When your games design mojo is at it's lowest ebb, and you can't think of anything particular to do on the development, even while despairing at how far from complete the game still is, I find it useful to draw small, square-shaped diagrams - whether of non-linear level progression pathways, super efficient rendering strategies or simply of how I plan to eat at lunchtime.

The point is to make them as intriguing and cryptic as possible. By creating such a square and filling it with inscrutable squiggles, you will soon emerge with a fresh sense of purpose and direction, ready to forge ahead with a production that will undoubtedly exceed the very boundaries of gaming avant garde.

Thursday, 2 July 2009

Newtonian Voracity

There are many things worse than being smacked on the noggin by falling fruit while dozing under an apple tree - no matter how apocryphally. An infestation of small, round, overly voracious bipedal mouth-creatures is just one of them.


By analogy, this diagram shows everything that is wrong with the burgeoning casual games market sector - scribbly, unclear, demanding of nothing but mediocrity and threatening to swallow up all that we hold dear.

Clear out of my orchard, you lousy varmints!

Friday, 26 June 2009

Argh! Trigonometry, Alison & Accident Book

Whenever you find yourself doing anything involved with trigonometry during the development of a 3d game, a little alarm bell should sound at the back of your mind - could you accomplish your aims more elegantly and efficiently by the application of a few vector cross and dot products? usually the answer is yes, and you should dump all those mouldy old atan2()s like a hot air balloon dropping sand bags.
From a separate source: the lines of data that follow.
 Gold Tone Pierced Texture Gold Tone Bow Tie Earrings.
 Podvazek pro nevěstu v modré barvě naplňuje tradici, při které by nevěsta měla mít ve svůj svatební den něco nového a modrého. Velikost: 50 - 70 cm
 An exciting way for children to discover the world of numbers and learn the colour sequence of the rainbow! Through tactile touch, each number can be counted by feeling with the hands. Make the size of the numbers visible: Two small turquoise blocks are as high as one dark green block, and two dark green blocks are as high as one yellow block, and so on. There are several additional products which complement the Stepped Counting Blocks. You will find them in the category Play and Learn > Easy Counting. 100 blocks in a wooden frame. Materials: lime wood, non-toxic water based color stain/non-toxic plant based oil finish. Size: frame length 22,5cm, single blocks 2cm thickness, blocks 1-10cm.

Make sure your inappropriate over-reliance on trigonometry is properly recorded in the office accident book, and then move on. Don't look back - a nasty little trig fairy is lurking back there, just waiting for an opportunity to trepan your canoodle with a rusty old funnel-cap.

Tuesday, 23 June 2009

Slings and Arrows of Financial misfortune

Today we will be looking at safeguarding your company's future in these uncertain times:



This diagram clearly shews a small dev studio admirably prepared to cope with the worst the Credit Crunch can throw at it. Provided you are able to rope the staff together tightly, you should be able to construct an overarching defensive shell - large and tough enough to shield the whole organisation from even the worst slings and arrows of outrageous financial fortune, whilst remaining sufficiently agile to cope with the most tortuous of your clients' caprices.

Saturday, 13 June 2009

Brown Paper Packages

It has been too many years since last I was presented with a brown paper package tied up with string. Games publishers have been very slow to recognise the substantial marketing opportunity afforded to them by the massive popularity of such packages - I have it on good authority that they are amongst most people's favourite things.
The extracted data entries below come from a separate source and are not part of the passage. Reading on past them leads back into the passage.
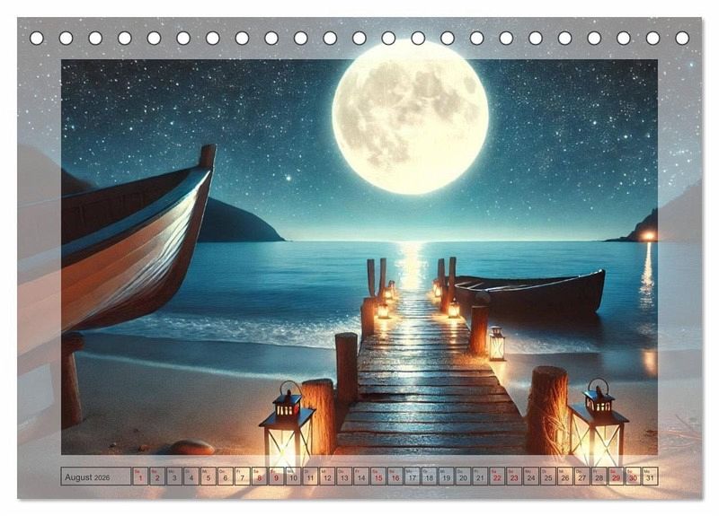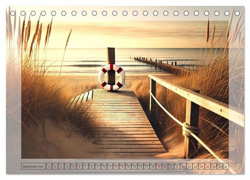 Lassen Sie sich von den einzigartigen Stegen verzaubern, die das ganze Jahr über in atemberaubende Fantasiestrände führen. Jeder Monat zeigt einen neuen, stimmungsvollen Blick auf die Küste - von verschneiten Winterstränden bis hin zu sommerlichen Dünen. Perfekt für Liebhaber ruhiger, romantischer Meereslandschaften, die die Schönheit der Natur zu jeder Jahreszeit schätzen. Die Bilder wurden mit Hilfe einer KI erstellt.
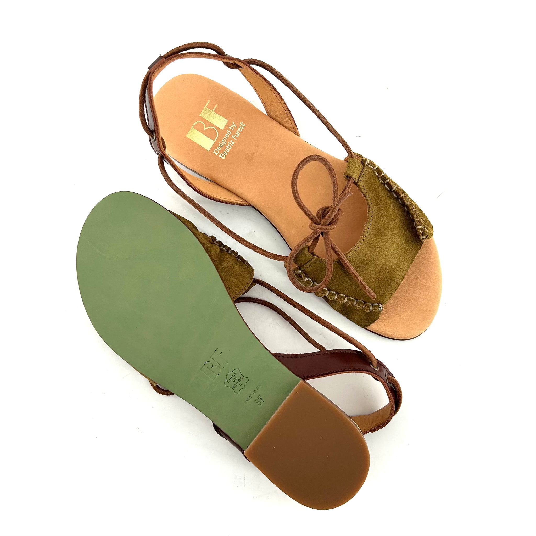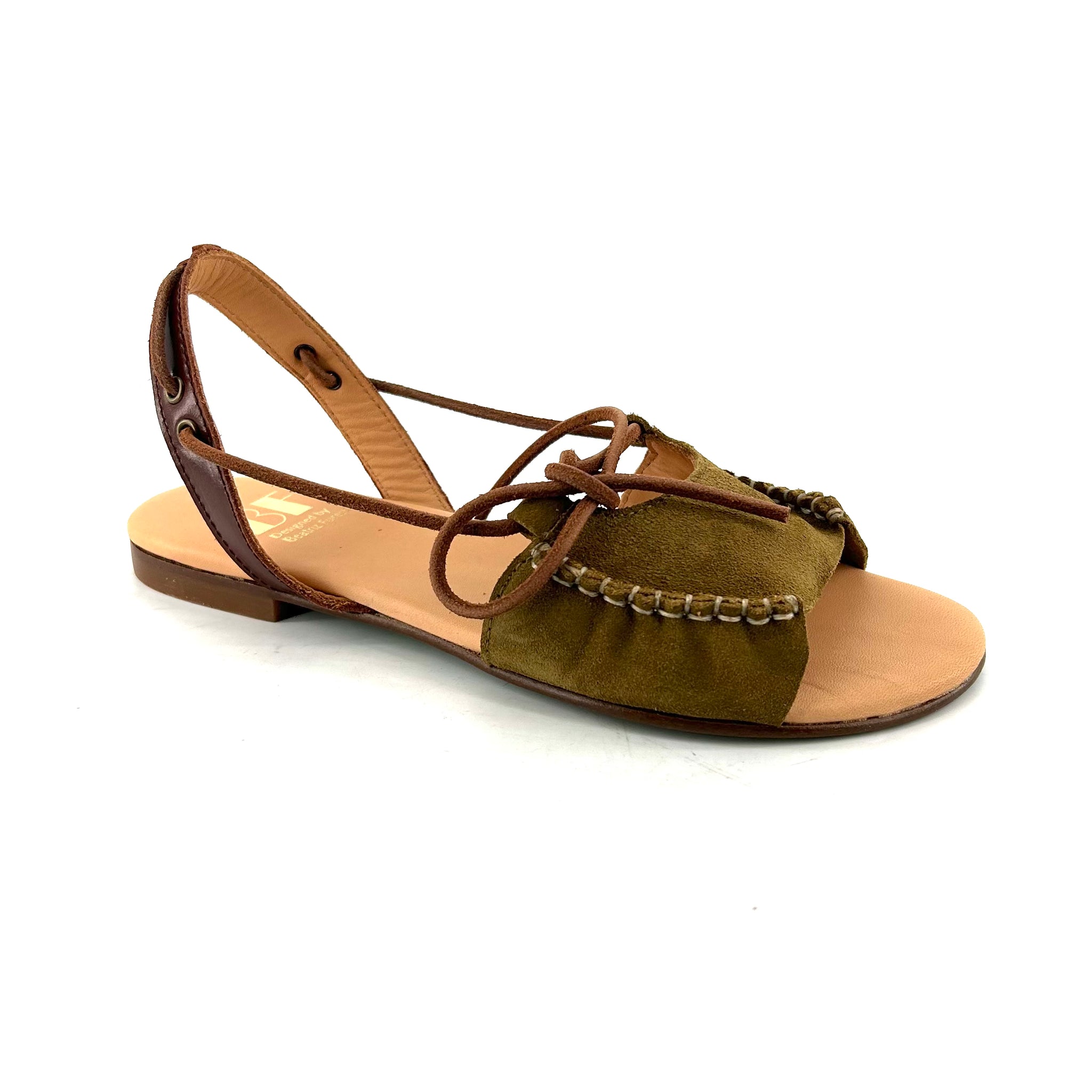Sandale en Daim Kaki et Cuir Marron
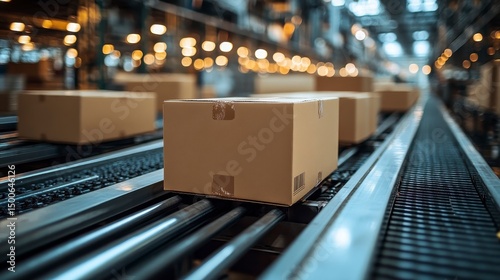 Conveyor belt loaded with cardboard boxes in a distribution center, blurred lights above
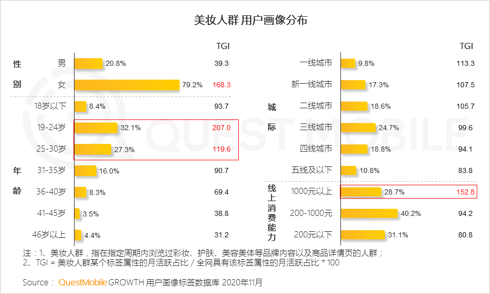1.美容群体以30岁以下的年轻女性为主,在线消费能力高,促进了美容消费的繁荣
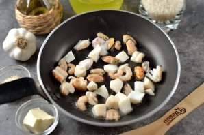 Быстро обжарьте морепродукты на другой сковороде в минимальном количестве масла около минуты на сильном огне.
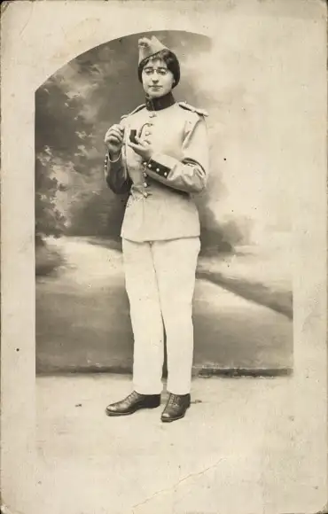 Foto Ak Rauchender Junge, Portrait in Uniform, Pfeife
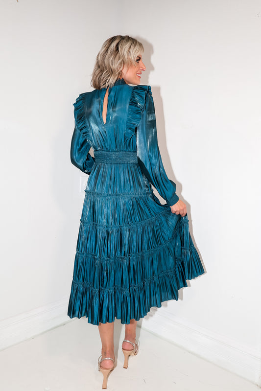 Ashley Aqua Smocked Waist Maxi Dress
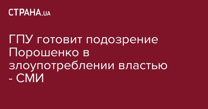 Генеральная прокуратура Украины готовит подозрение экс-президенту Петру Порошенко по статье о злоупотреблении властью. Об этом сообщает Интерфакс-Украина со ссылкой на источник в ГПУ.
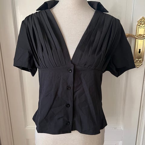 Nydelig hvit bluse i 100% bomull. Str. M. Lange ermer og v/-hals. Helt ny og ubrukt.
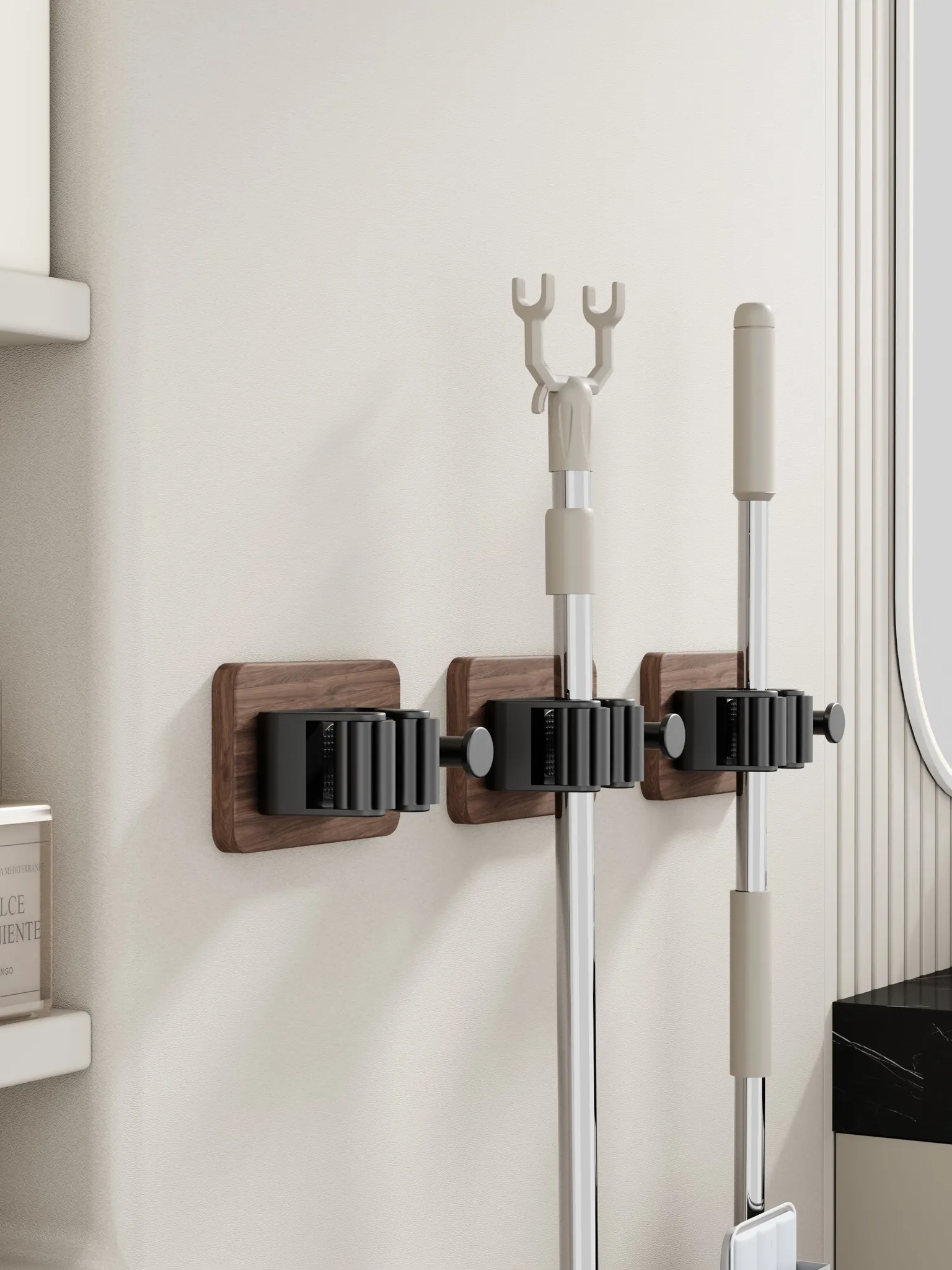 Walnut Wood Mop Wall-Mounted Clip - No Drill Mop Holder for Bathroom, Convenient Storage for Mops and Brooms, Keeps Your Space Organized and Tidy

Instead of quibbling over retail shelf space, or gnashing their teeth over the vagaries of download sales infrastructure, publishers should really be investing in training up retailers to ensure that each game sold can reach the consumer with all the elegance and intrigue that such a package affords.
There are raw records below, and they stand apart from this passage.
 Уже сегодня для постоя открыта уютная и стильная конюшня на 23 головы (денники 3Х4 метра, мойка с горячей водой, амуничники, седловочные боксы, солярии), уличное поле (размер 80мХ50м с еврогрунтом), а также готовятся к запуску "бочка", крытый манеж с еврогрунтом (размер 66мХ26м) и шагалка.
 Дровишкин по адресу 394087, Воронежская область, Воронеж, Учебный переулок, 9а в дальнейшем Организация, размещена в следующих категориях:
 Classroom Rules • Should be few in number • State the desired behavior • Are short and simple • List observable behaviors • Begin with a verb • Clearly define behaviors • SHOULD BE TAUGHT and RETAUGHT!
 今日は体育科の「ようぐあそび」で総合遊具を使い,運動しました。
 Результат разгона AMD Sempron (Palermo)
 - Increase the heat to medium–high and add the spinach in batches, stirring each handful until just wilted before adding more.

As a developer of download games, I will be mailing a sheet of brown paper, a length of string and concise instructions to all the customers who do me the honour of supplying me with their postal addresses so that they too can share in the excitement of unwrapping something properly packaged, and in that way, make their games purchasing experience complete.

Tuesday, 9 June 2009

Mystical Staff

Welcome to Wildeep's secrets of the game gods. Here I will lay bare many of the deepest, darkest secrets of the games development process. Heed my words and one day you too could be numbered amongst that most divine pantheon - the Games Developers of Legend.

Oh yes.


Let us begin with the importance of Mystical Staff:

If you are planning to make a game incorporating any kind of fantasy or sci-fi element, be sure to make full use of your mystical staff - if you cannot hire any directly, then get one of your (un-mystical) designers to sketch up a mystical staff and pay particular attention to whom they depict as wielding it.

This will set you on the right path towards the mystical.